- Python >= 2.7
- Pandas >= 0.14.1
- Spark / PySpark
- python src/geneSpark.py [-o OUTPUT_FILE] [-u UPSTREAM_BASE_PAIRS] [-d DOWNSTREAM_BASE_PAIRS] INPUT_FILE
- /PATH/TO/spark-VERSION/bin/spark-submit --master local[2] src/geneSpark_spark.py [-o OUTPUT_FILE] [-u UPSTREAM_BASE_PAIRS] [-d DOWNSTREAM_BASE_PAIRS] INPUT_FILE
- This is just an example using 2 cores of a local machine. Change local[2] to customize to the number of cores in your machine.

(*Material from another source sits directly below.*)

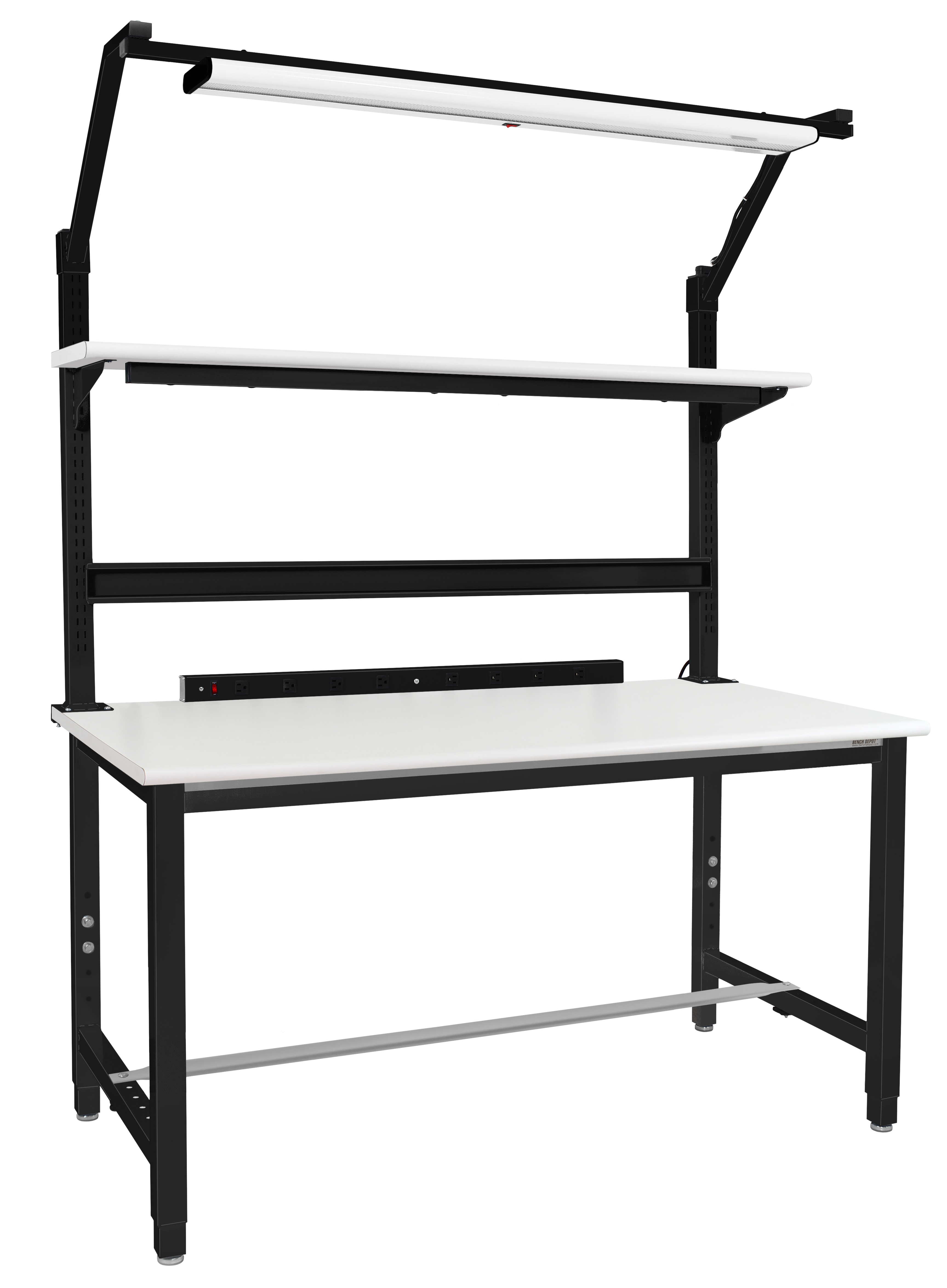 This multi-purpose workstation features a durable laminate top with rounded front edge. An aluminum sheet covers the bottom, helping to prevent warping. The heavy-duty steel frame and adjustable-height legs feature a corrosion-resistant powder-coat finish designed to last for years of use. To complete the workstation, a set of uprights with a power plug is included, along with an adjustable top shelf, LED overhead light, adjustable light frame, bin box rail, painted footrest, and a full power strip. This workstation is a great addition to your workshop, makerspace, or other working environment!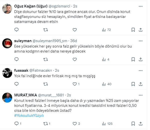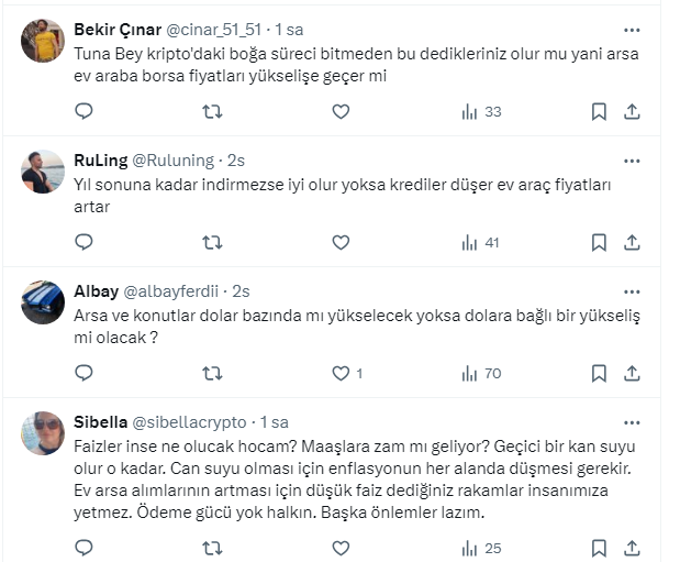 Tuna Kaya paylaşımanda, “Türkiye ekonomisinde büyüme sıfıra indiğinde başlar kanısındayım. Bu da ya 2024 aralık ya da 2025 mart aylarını gösteriyor. Faizler inmeye başladığında konut, arsa, borsa yükselecek.”

To learn how many cores your machine has, type
sysctl -n hw.ncpu
in the Terminal (command-line). For more options, please have a look at Spark documentation
The Apache Spark version of geneSpark runs approximately 5X faster (relative to geneSpark using only the Pandas and Numpy library of Python) in a local machine with 2 cores. In a local machine with 8 cores, the Spark version of geneSpark runs 11X faster. The more cores your system has, the faster Spark geneSpark finishes its run.
Apache Spark geneSpark is designed to scale up and leverage the power of thousands of computing cores of any HPC environment via the MapReduce framework.